### DIRECTIONS FOR THIS TASK
Below this line is a set of entries; quote exactly the lines from the line that contains "2 шт. 32 дюймов" to the line that contains "比赛现场,选手们以其铿锵有力", both lines included.

### RECORDS FOR PROCESSING
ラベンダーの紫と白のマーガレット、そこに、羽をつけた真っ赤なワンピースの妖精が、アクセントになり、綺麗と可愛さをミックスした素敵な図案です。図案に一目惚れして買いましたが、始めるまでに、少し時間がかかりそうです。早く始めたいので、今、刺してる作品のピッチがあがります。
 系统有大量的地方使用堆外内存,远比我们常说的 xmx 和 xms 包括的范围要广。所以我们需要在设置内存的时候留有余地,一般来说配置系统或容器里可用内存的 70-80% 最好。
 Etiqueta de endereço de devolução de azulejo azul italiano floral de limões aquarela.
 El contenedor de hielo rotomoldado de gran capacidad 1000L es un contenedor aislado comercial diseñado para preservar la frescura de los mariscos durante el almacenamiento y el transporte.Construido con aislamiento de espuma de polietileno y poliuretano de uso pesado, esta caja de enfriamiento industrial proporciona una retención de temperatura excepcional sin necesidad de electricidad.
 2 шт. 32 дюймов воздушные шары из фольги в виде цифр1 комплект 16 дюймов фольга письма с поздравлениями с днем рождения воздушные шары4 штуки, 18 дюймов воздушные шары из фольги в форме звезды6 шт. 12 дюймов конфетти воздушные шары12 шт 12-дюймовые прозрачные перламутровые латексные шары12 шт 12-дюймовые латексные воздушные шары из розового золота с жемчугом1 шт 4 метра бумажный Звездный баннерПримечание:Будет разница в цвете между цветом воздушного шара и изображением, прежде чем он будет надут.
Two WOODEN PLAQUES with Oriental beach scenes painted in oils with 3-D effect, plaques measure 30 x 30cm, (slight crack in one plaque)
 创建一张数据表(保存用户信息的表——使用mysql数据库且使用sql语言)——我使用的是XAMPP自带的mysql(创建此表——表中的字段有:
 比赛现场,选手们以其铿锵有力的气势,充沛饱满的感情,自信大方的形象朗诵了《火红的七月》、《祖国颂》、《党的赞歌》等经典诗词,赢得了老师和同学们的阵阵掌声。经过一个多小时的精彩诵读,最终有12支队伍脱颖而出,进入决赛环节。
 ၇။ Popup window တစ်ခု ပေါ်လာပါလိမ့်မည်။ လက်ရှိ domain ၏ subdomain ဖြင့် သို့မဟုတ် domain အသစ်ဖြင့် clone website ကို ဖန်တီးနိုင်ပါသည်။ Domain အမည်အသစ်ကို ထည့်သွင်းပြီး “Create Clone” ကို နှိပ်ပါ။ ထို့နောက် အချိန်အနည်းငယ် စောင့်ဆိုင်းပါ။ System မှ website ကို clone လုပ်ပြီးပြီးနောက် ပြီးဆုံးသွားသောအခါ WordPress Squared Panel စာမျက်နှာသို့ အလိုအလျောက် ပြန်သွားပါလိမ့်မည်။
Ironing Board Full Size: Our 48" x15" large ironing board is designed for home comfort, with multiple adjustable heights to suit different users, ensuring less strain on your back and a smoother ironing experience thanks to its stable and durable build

### ANSWER BOX
 2 шт. 32 дюймов воздушные шары из фольги в виде цифр1 комплект 16 дюймов фольга письма с поздравлениями с днем рождения воздушные шары4 штуки, 18 дюймов воздушные шары из фольги в форме звезды6 шт. 12 дюймов конфетти воздушные шары12 шт 12-дюймовые прозрачные перламутровые латексные шары12 шт 12-дюймовые латексные воздушные шары из розового золота с жемчугом1 шт 4 метра бумажный Звездный баннерПримечание:Будет разница в цвете между цветом воздушного шара и изображением, прежде чем он будет надут.
Two WOODEN PLAQUES with Oriental beach scenes painted in oils with 3-D effect, plaques measure 30 x 30cm, (slight crack in one plaque)
 创建一张数据表(保存用户信息的表——使用mysql数据库且使用sql语言)——我使用的是XAMPP自带的mysql(创建此表——表中的字段有:
 比赛现场,选手们以其铿锵有力的气势,充沛饱满的感情,自信大方的形象朗诵了《火红的七月》、《祖国颂》、《党的赞歌》等经典诗词,赢得了老师和同学们的阵阵掌声。经过一个多小时的精彩诵读,最终有12支队伍脱颖而出,进入决赛环节。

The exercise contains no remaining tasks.